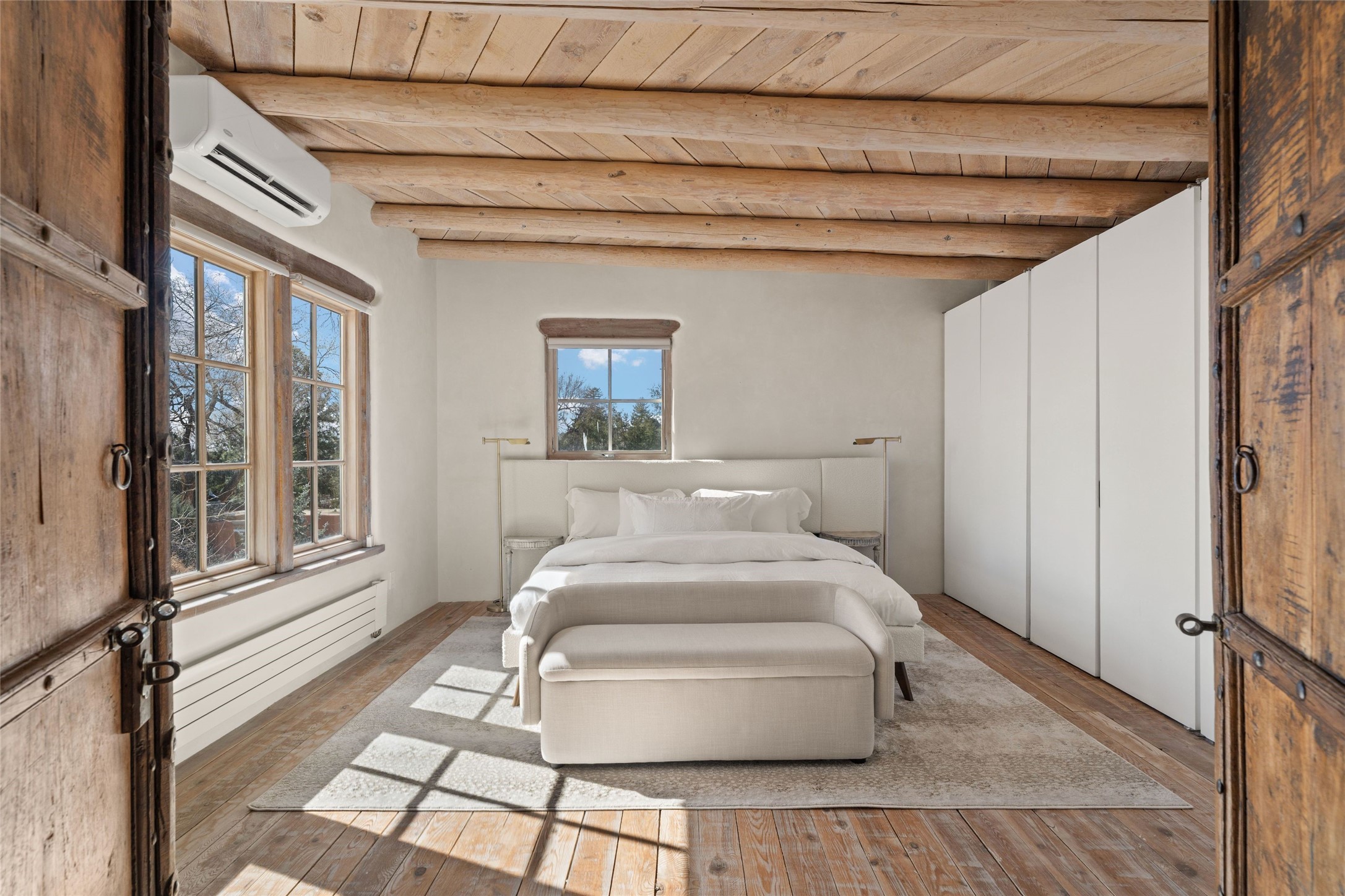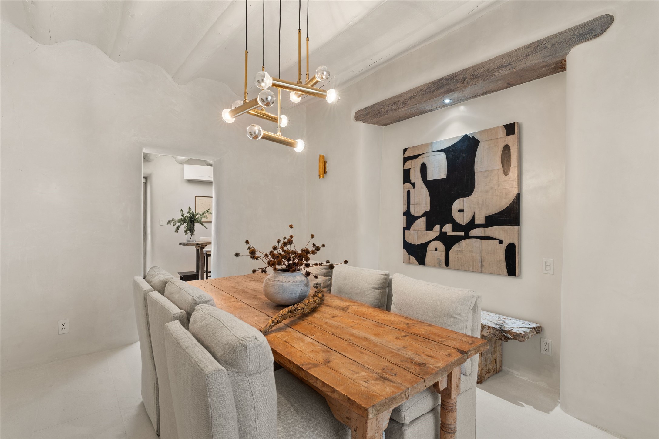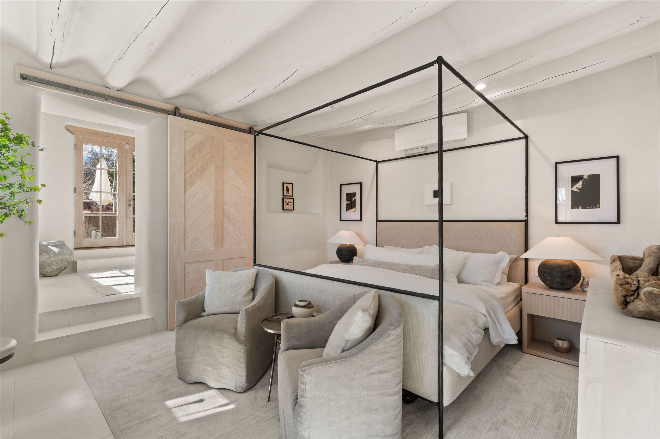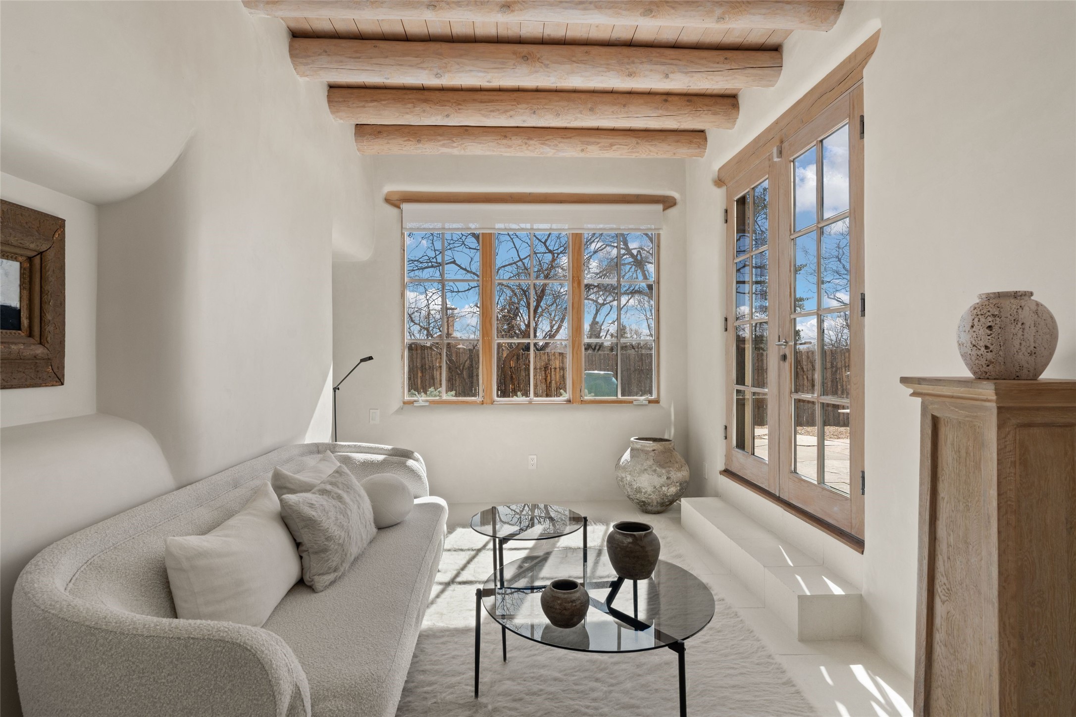 This exquisite 3-bedroom, 2 bathroom home is truly one of the prettiest we've seen. Located in the highly sought-after historic East side of Santa Fe, it boasts luxurious finishes including a La Cornue stove, built in Sub Zero refrigerator, Dolomite marble counter tops, tumbled honed Limestone flooring and an immaculate but charming professionally landscaped yard. Thoughtfully designed by Andrea McLaughlin of Austin, no detail has been overlooked in creating this stunning property. A true gem not to be missed!
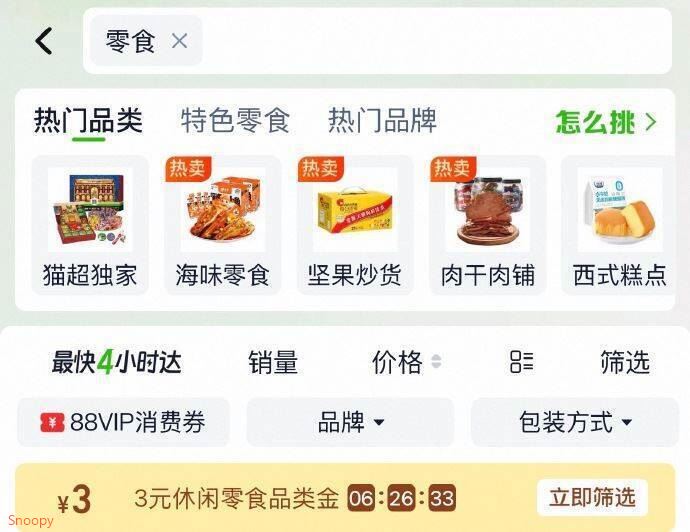 猫超首页搜零食 部分有3卡
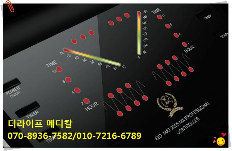 하기 자료는 바이오매트를 최고 온도 70도에 설정을 한 상태에서 측정한 결과를 알려드립니다. 바이오매트는 최저 35도에서 최고 70도까지 설정이 가능하며 70도의 상태에서 시도를 하게 됩니다. 간혹 고객께서 바이오매트가 70도까지 온도가 유지될까하는 의구심을 가지는 분들이 있어 이번 기회에 디지탈 온도계를 이용하여 측정한 결과를 알려드리오니 참조 바랍니다.
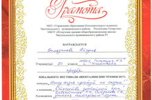 12 апреля 2017 года в Чистопольском филиале «Восток» КНИТУ - КАИ им. А.Н. Туполева прошла Республиканская научно-практическая конференция с международным участием «На крыле науки». Победителем в секции «Английский язык» стала Баландина Лидия, ученица 10 класса (учитель Храмова Н.И.).
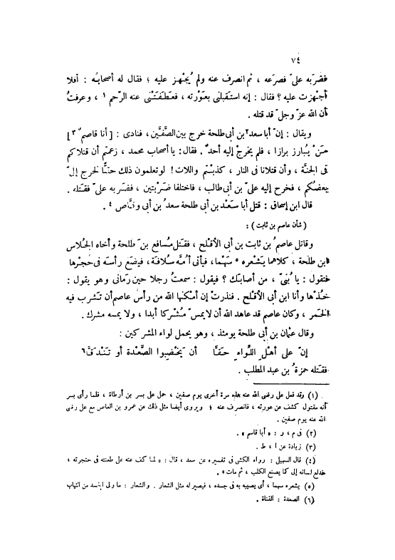 فَضَرَبَهُ عَلِيٌّ فَصَرَعَهُ، ثُمَّ انْصَرَفَ عَنْهُ وَلَمْ يُجْهَزْ عَلَيْهِ، فَقَالَ لَهُ أَصْحَابُهُ: أَفَلَا أُجْهِزْتُ عَلَيْهِ؟ فَقَالَ: إنَّهُ اسْتَقْبَلَنِي بِعَوْرَتِهِ، فَعَطَفَتْنِي عَنْهُ الرَّحِمُ [1] ، وَعَرَفْتُ أَنَّ اللَّهَ عَزَّ وَجَلَّ قَدْ قَتَلَهُ. وَيُقَالُ: إنَّ أَبَا سَعْدِ [2] بْنِ أَبِي طَلْحَةَ خَرَجَ بَيْنَ الصَّفَّيْنِ، فَنَادَى: [أَنَا قَاصِمٌ [3]] مَنْ يُبَارِزُ بِرَازًا، فَلَمْ يَخْرَجْ إلَيْهِ أَحَدٌ. فَقَالَ: يَا أَصْحَابَ مُحَمَّدٍ، زَعَمْتُمْ أَنَّ قَتْلَاكُمْ فِي الْجَنَّةِ، وَأَنَّ قَتْلَانَا فِي النَّار، كَذبْتُمْ وَاللات! لَوْ تَعْلَمُونَ ذَلِكَ حَقًّا لَخَرَجَ إلَيَّ بَعْضُكُمْ، فَخَرَجَ إلَيْهِ عَلِيُّ بْنُ أَبِي طَالِبٍ، فَاخْتَلَفَا ضَرْبَتَيْنِ، فَضَرَبَهُ عَلِيٌّ فَقَتَلَهُ.
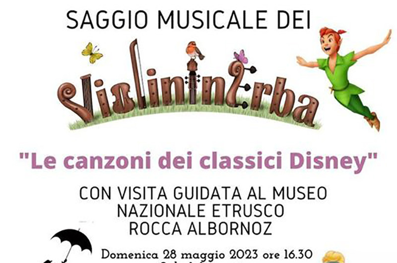 L’ Accademia degli S.Vitati presenta il saggio musicale dei Violinisti in erba ne Le canzoni dei classici Disney, domenica 28 maggio alle 16.30 presso la Sala Mezzanino – piazza della Rocca 21b, Viterbo al Museo nazionale etrusco Rocca Albornoz,A seguire la
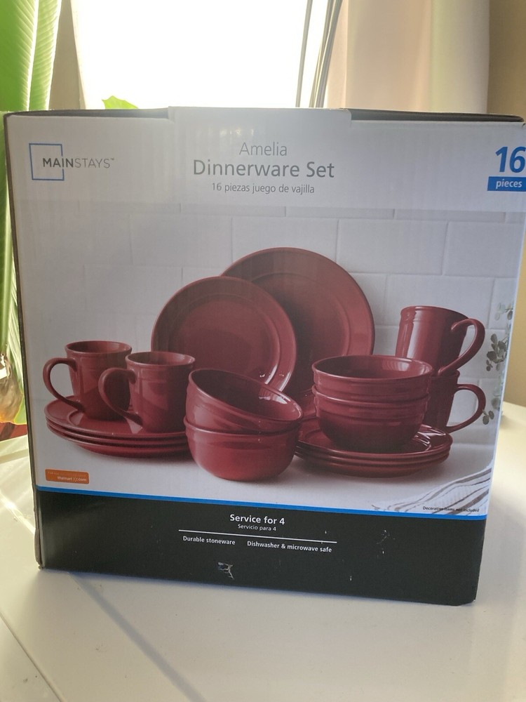 Mainstays Chiara Red Stoneware Dinnerware Set, 16-Pieces. Condition is New. Dispatched with USPS Ground Advantage....
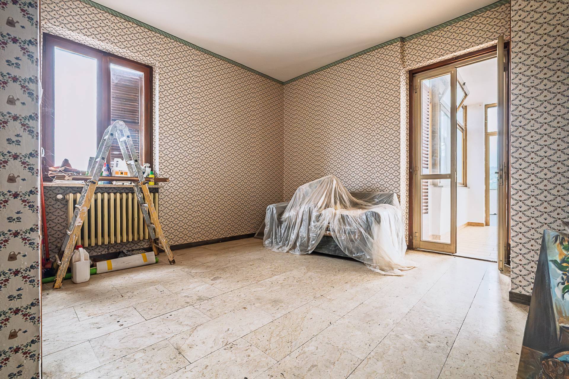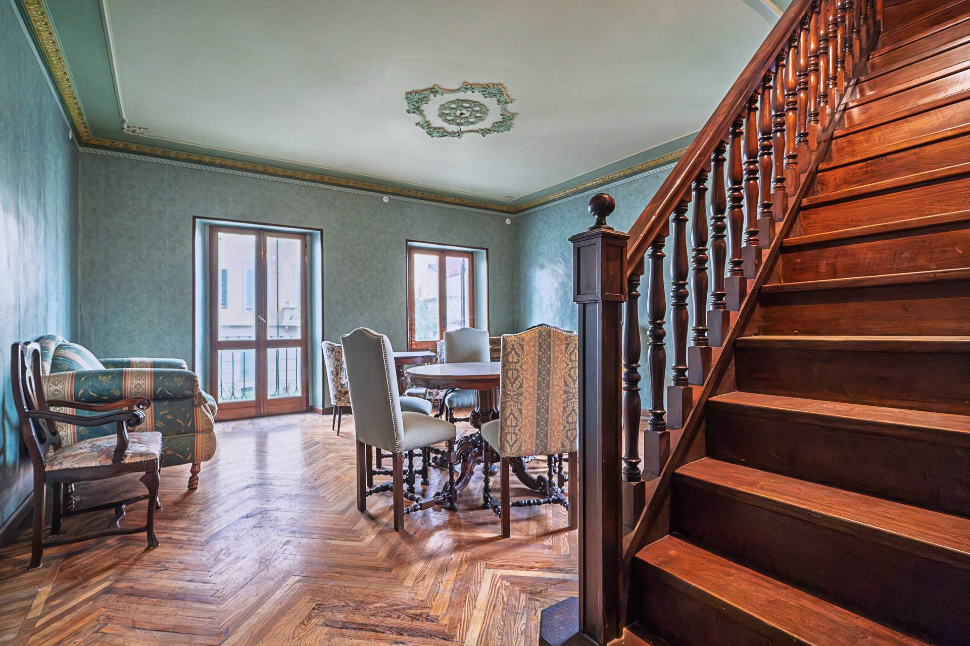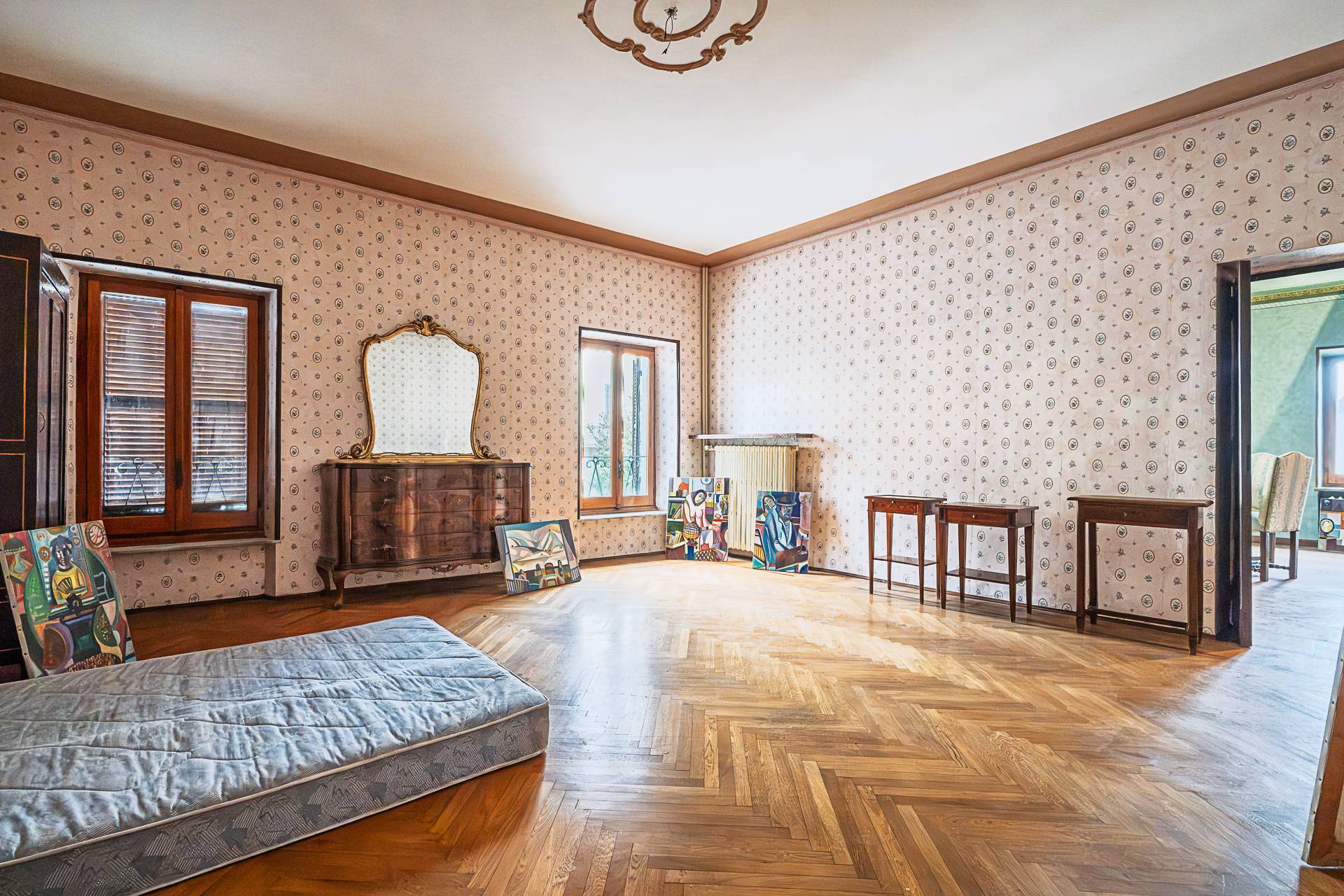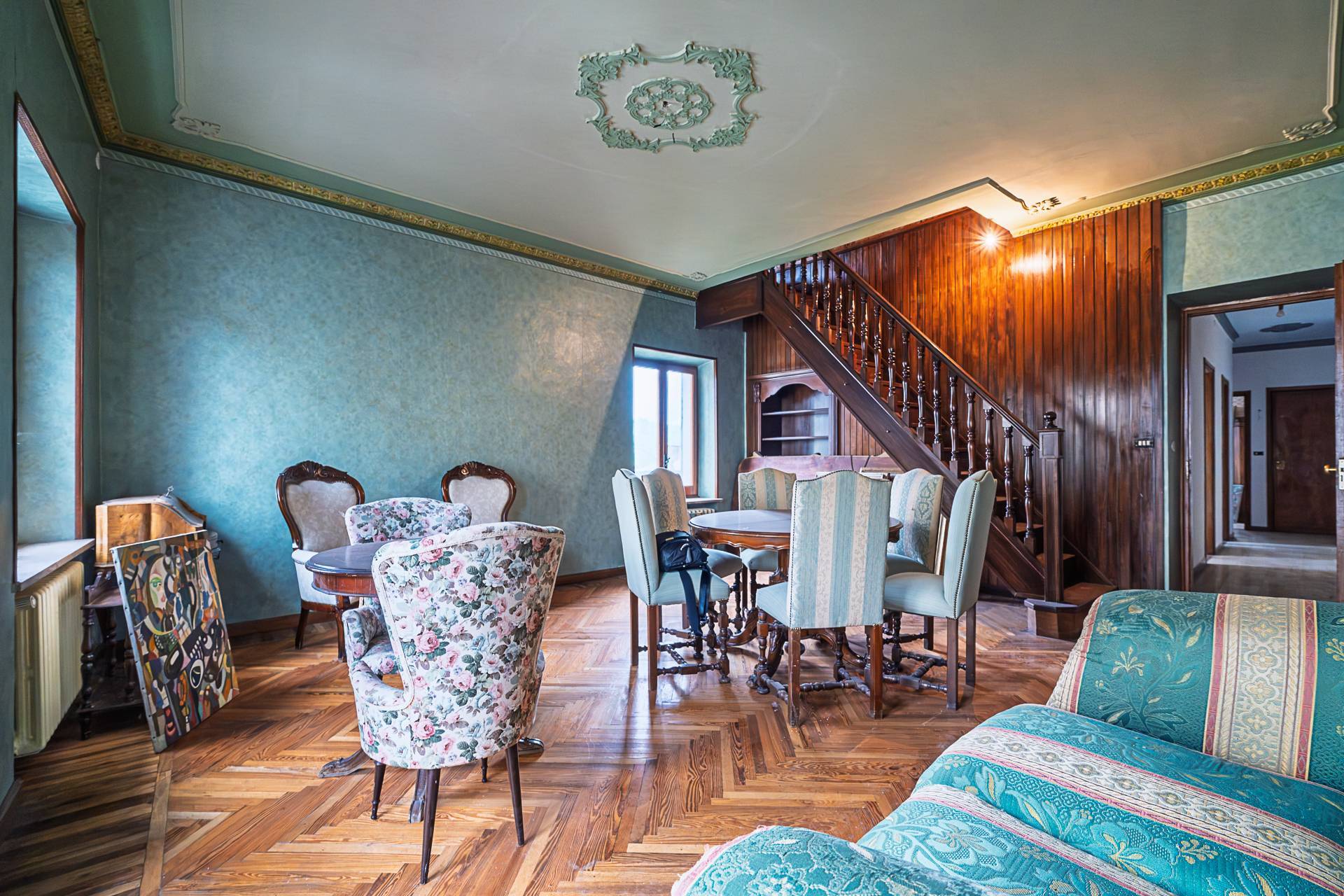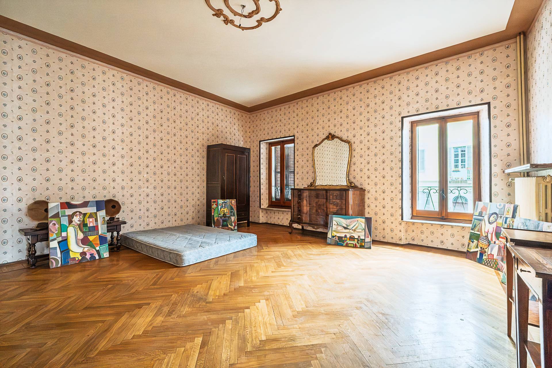 In stabile d'epoca, nel centro storico di Gassino, a pochi passi da Piazza Chiesa, Appartamento su tre livelli con riscaldamento autonomo e terrazzo panoramico coperto. Il primo piano (di 142 mq) è composto da ingresso, ampia zona giorno angolare, tinello con cucina da cui si accede ad una veranda, due camere, un bagno finestrato e un balcone di 12 mq. Il piano secondo (di 102 mq) è composto dal soggiorno, cucina, una camera, un bagno e un terrazzo di 27 mq. Al piano seminterrato c'è la tavernetta con volte in mattone, un bagno e la cantina. L'unità è stata ristrutturata internamente ed esternamente nel 2025. Gli infissi originali (vetro singolo) sono stati controllati e ripristinati, l'intero perlinato è stato trattato e lucidato, il tetto è stato manutenuto, le ringhiere dei balconi sono state riverniciate. La carta da parati del piano primo è nuova (negozio Valentino, si lasciano gli sfridi). Gli stucchi originali dei soffitti sono stati ripresi e verniciati. L'impianto elettrico è stato completamente rivisto (frutti e prese sostituiti). C'è la predisposizione per il boiler dell'acqua calda sia al primo che al secondo piano e la predisposizione per la cucina ad induzione al piano secondo. L'attacco del gas è presente, ma chiuso. Il riscaldamento è sprovvisto di caldaia. Lo stabile non è dotato di ascensore, c'è una sola altra unità (di un'altra proprietà) che ha un accesso differente. C'è un'area verde comune. Cat.A/3, vani 10, rendita catastale euro 1.446,08.

════════════════════

Directions :: Only these lines belong in the answer: the first line of the listing above through the line holding "하기 자료는 바이오매트를", printed exactly and without pictures.

Your solution ::
 This exquisite 3-bedroom, 2 bathroom home is truly one of the prettiest we've seen. Located in the highly sought-after historic East side of Santa Fe, it boasts luxurious finishes including a La Cornue stove, built in Sub Zero refrigerator, Dolomite marble counter tops, tumbled honed Limestone flooring and an immaculate but charming professionally landscaped yard. Thoughtfully designed by Andrea McLaughlin of Austin, no detail has been overlooked in creating this stunning property. A true gem not to be missed!
 猫超首页搜零食 部分有3卡
 하기 자료는 바이오매트를 최고 온도 70도에 설정을 한 상태에서 측정한 결과를 알려드립니다. 바이오매트는 최저 35도에서 최고 70도까지 설정이 가능하며 70도의 상태에서 시도를 하게 됩니다. 간혹 고객께서 바이오매트가 70도까지 온도가 유지될까하는 의구심을 가지는 분들이 있어 이번 기회에 디지탈 온도계를 이용하여 측정한 결과를 알려드리오니 참조 바랍니다.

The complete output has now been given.